• [DATA FOR ANALYSIS]:
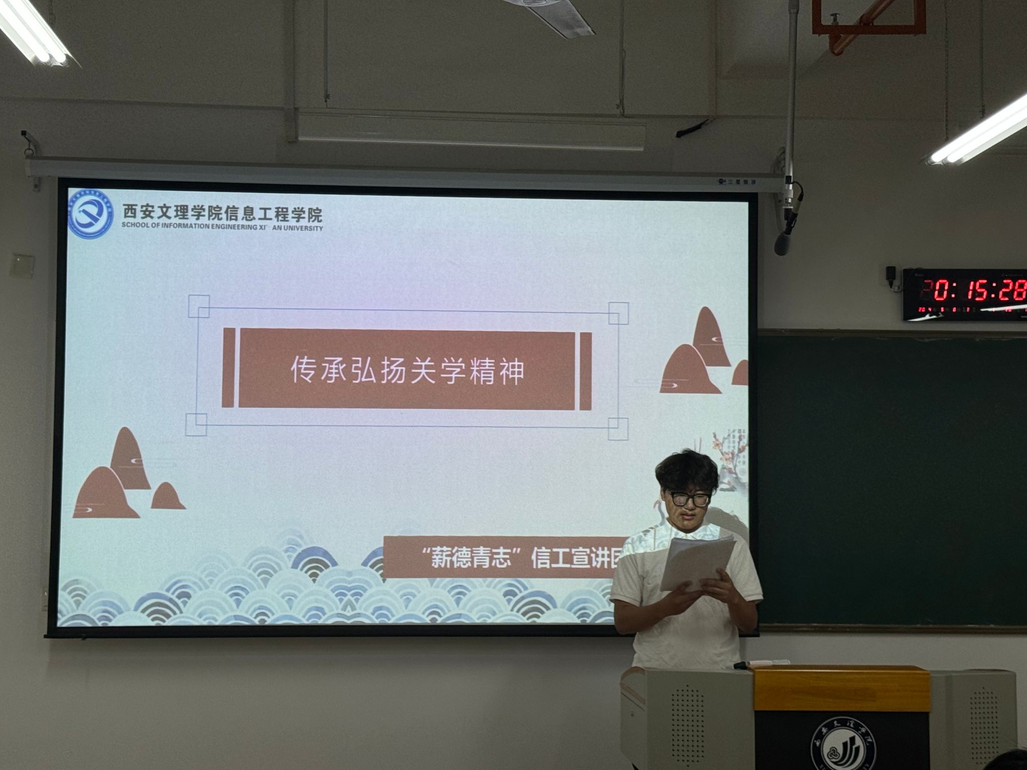 信息工程学院一直致力于培养德智体美全面发展的优秀人才,通过传承关学精神,学院希望能够引导学生树立正确的人生观、价值观,成为社会的栋梁之才。今后,信息工程学院“薪德青志”宣讲团将继续深入校园各个角落,开展更多形式多样、内涵丰富的主题宣讲活动,为学生打开智慧之门,引领他们在学术与人文的海洋中扬帆远航,以崭新的姿态谱写人生的华章。
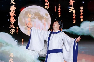 第三篇章“月满家园 灯火相传”展现温情与希望。导演、演员王鹤鸣身着宋代文人服饰,朗诵苏辙《渡桑干》节选,诗人阿紫接力诵读现代诗作《永定河》,二人的配合呼应“苏氏兄弟共赏一轮月”的设计,让历史与现实在诗句中交融。随后,中央广播电视总台播音员王誉博独诵《念奴娇·中秋对月》,中国歌剧舞剧院女高音歌唱家,一级演员伊泓远温情献唱《灯火里的中国》响起……诗、歌作媒,温暖而有力量的表演无不感染在场观众。
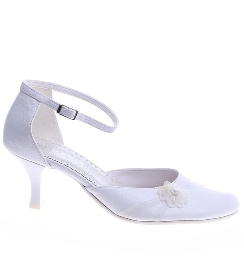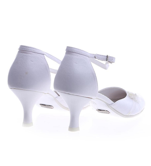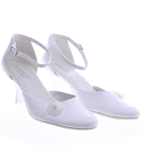 Skórzane białe czółenka szpilki z paseczkiem /H SR37/
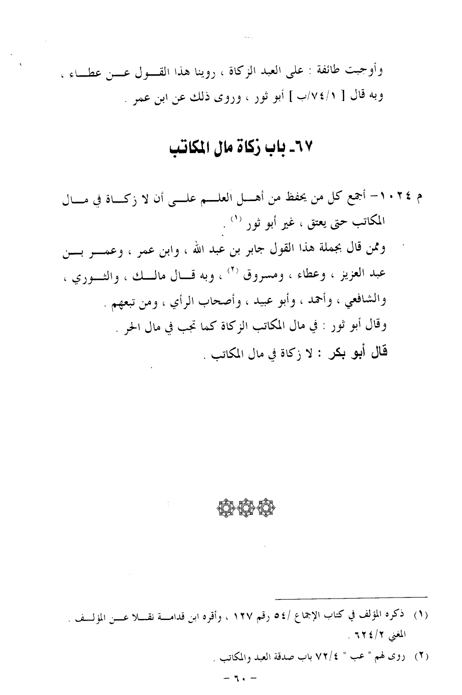م 1024 - أجمع كل من يحفظ من أهل العلم على أن لا زكاة في مال المكاتب حتى يعتق، غير أبو ثور.
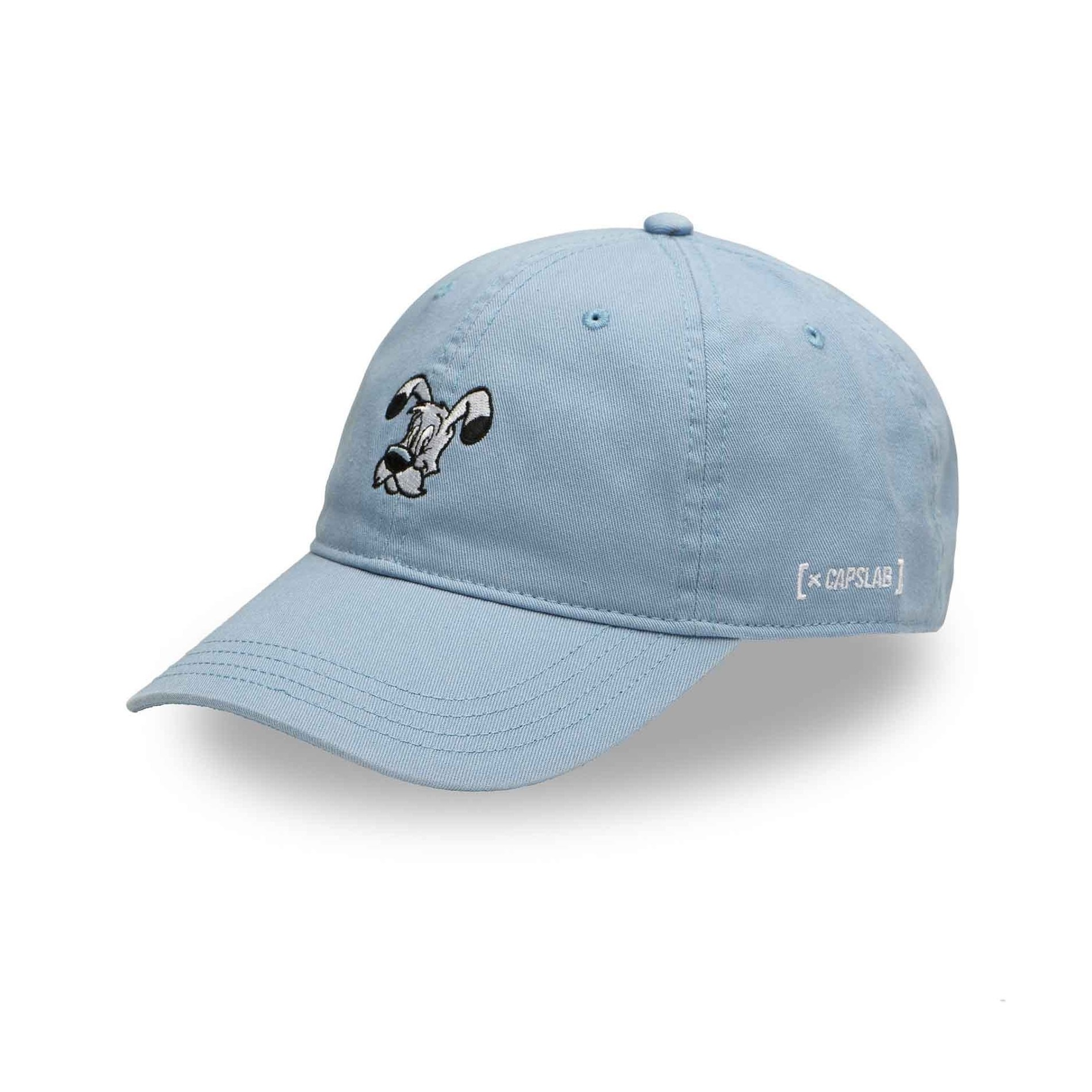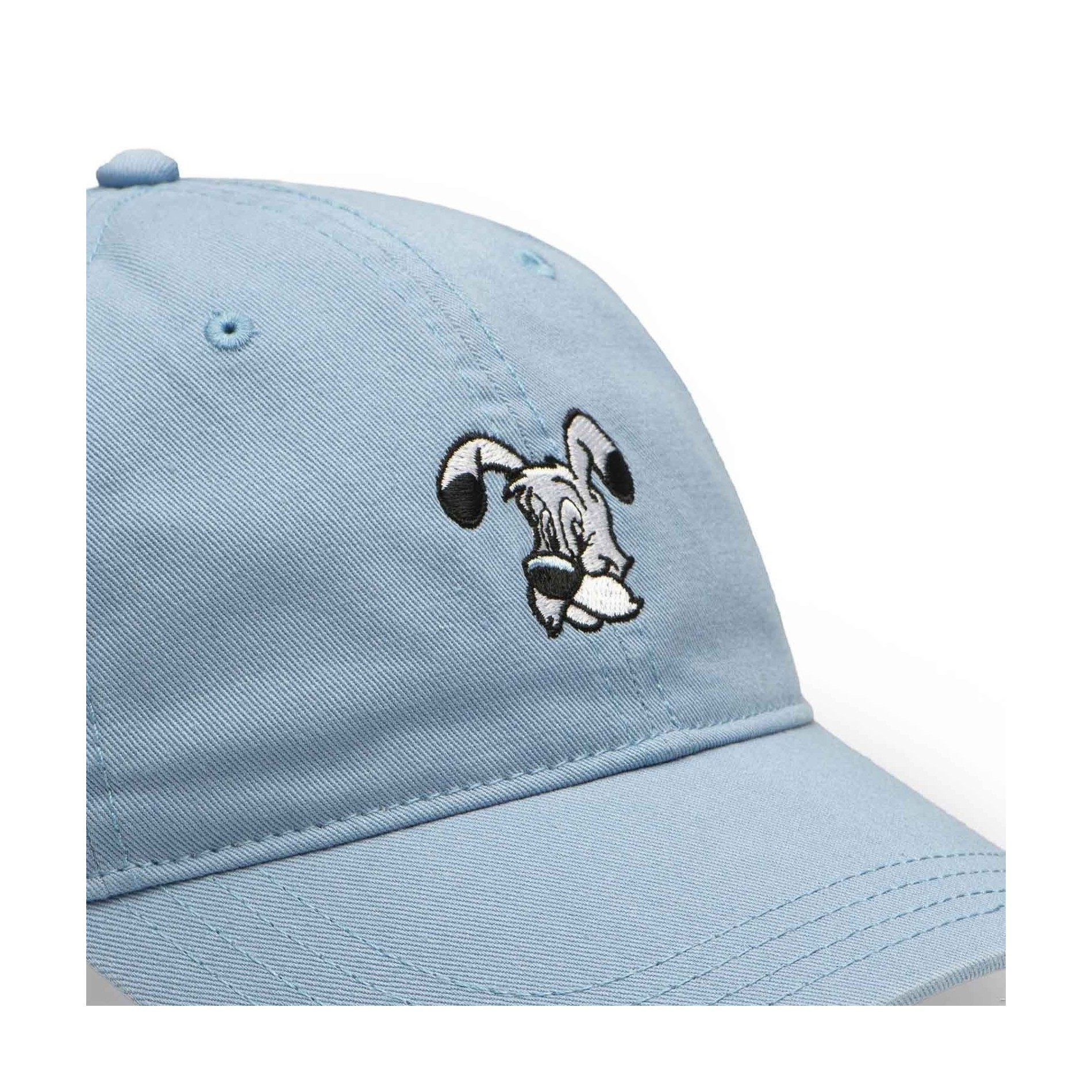 Med sin klassiska basebollskärning och himmelsblå färg är den här kepsen lika mjuk som Dogmatix ögon. Obelix berömda hund är broderad på framsidan och kommer att få vem som helst att le, samtidigt som den ger din outfit en touch av originalitet.

• [YOUR GOAL]:
Each line from the one with "Skórzane białe czółenka" to the last line of the listing should be returned exactly, both ends included, and no picture with them.

• [YOUR SOLUTION]:
 Skórzane białe czółenka szpilki z paseczkiem /H SR37/
م 1024 - أجمع كل من يحفظ من أهل العلم على أن لا زكاة في مال المكاتب حتى يعتق، غير أبو ثور.
 Med sin klassiska basebollskärning och himmelsblå färg är den här kepsen lika mjuk som Dogmatix ögon. Obelix berömda hund är broderad på framsidan och kommer att få vem som helst att le, samtidigt som den ger din outfit en touch av originalitet.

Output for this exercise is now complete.